## DIRECTIONS
Take the lines below between the one holding "在圆桌对话环节,黄勇院士、生" and the one holding "森林狼官方宣布:加內(nèi", inclusive, and copy them exactly. Add nothing.

## RECORDS SHOWN
=======

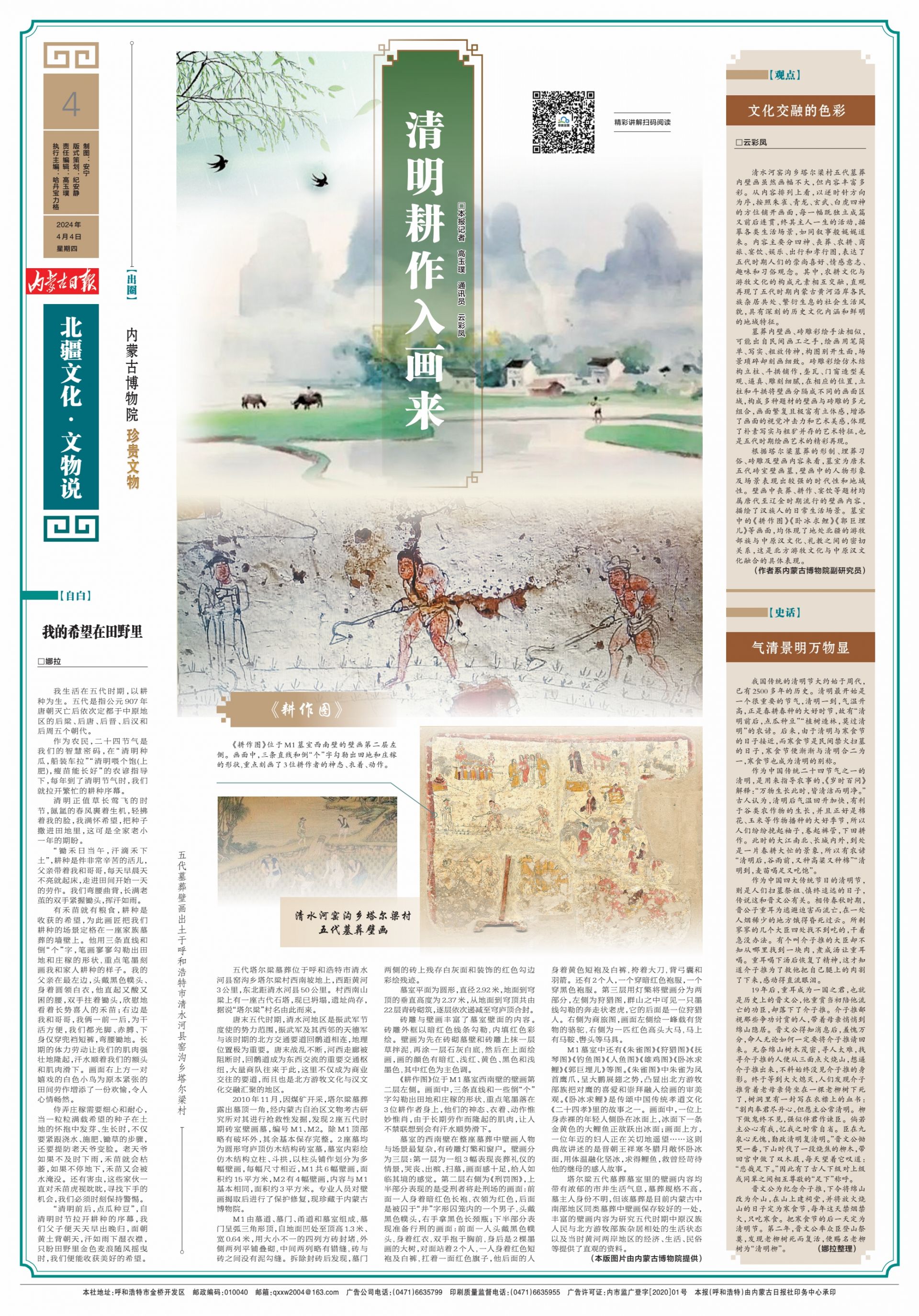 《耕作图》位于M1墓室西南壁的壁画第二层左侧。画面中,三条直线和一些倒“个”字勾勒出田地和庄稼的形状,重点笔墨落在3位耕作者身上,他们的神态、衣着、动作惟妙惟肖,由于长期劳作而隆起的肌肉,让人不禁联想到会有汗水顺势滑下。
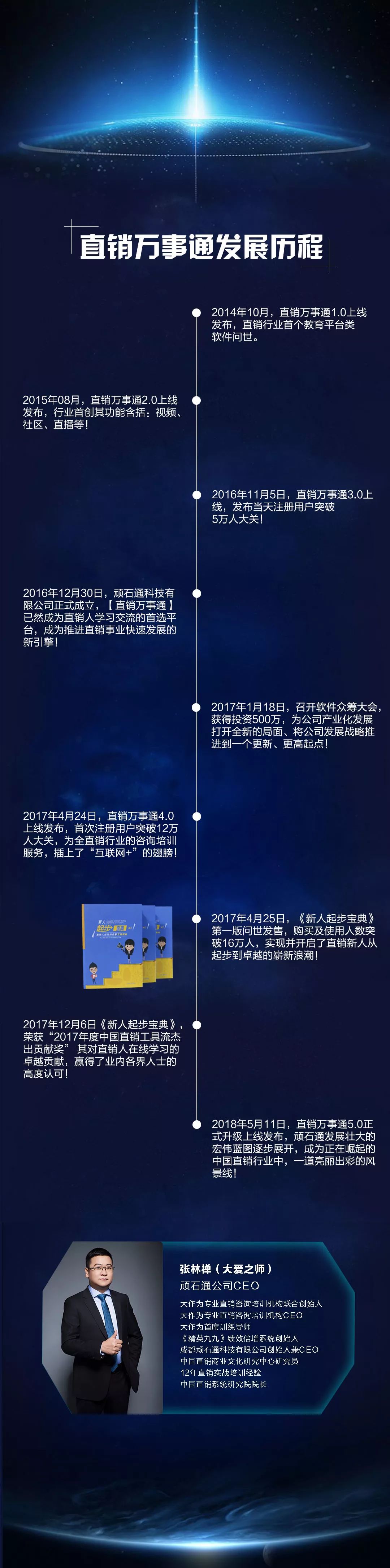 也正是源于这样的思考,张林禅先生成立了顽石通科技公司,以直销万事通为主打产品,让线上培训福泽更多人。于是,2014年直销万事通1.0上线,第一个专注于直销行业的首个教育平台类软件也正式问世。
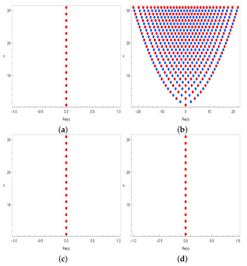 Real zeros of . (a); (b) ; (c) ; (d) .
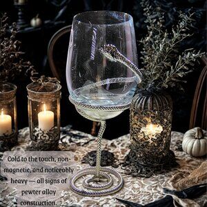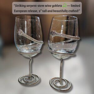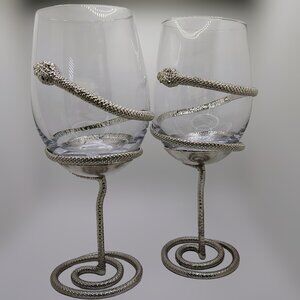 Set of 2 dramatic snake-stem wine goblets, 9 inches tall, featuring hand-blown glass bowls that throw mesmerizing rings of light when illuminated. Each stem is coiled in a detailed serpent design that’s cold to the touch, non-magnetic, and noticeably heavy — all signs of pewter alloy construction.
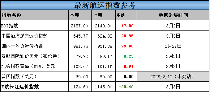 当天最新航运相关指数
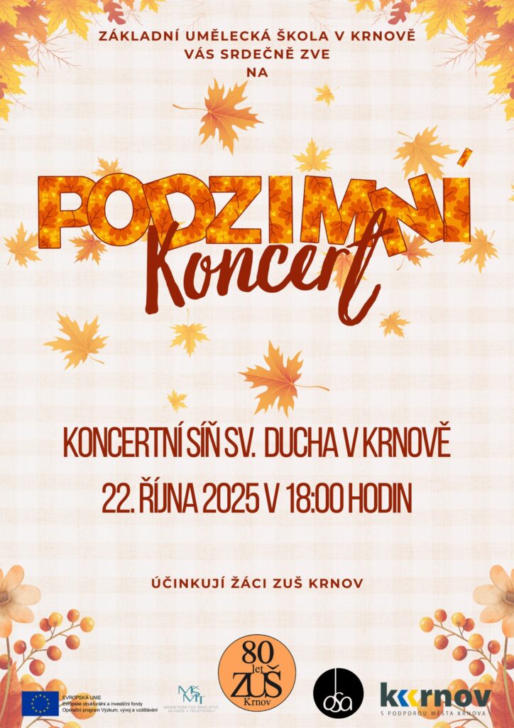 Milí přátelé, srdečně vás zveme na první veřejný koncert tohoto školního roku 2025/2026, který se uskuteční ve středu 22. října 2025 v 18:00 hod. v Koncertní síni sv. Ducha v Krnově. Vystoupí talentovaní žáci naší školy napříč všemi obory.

=======

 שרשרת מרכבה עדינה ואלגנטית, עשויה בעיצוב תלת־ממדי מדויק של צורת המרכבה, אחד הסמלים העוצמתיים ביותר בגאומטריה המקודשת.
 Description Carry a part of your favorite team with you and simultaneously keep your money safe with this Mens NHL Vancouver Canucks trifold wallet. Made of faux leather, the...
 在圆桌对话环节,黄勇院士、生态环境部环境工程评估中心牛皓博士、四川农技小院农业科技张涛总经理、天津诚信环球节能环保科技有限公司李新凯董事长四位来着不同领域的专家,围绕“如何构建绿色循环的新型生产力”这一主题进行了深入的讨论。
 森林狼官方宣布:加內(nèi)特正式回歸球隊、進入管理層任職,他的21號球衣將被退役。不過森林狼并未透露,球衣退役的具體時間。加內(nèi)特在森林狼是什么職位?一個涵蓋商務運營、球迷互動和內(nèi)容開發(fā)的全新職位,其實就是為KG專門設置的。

=======

## ANSWER AREA
 在圆桌对话环节,黄勇院士、生态环境部环境工程评估中心牛皓博士、四川农技小院农业科技张涛总经理、天津诚信环球节能环保科技有限公司李新凯董事长四位来着不同领域的专家,围绕“如何构建绿色循环的新型生产力”这一主题进行了深入的讨论。
 森林狼官方宣布:加內(nèi)特正式回歸球隊、進入管理層任職,他的21號球衣將被退役。不過森林狼并未透露,球衣退役的具體時間。加內(nèi)特在森林狼是什么職位?一個涵蓋商務運營、球迷互動和內(nèi)容開發(fā)的全新職位,其實就是為KG專門設置的。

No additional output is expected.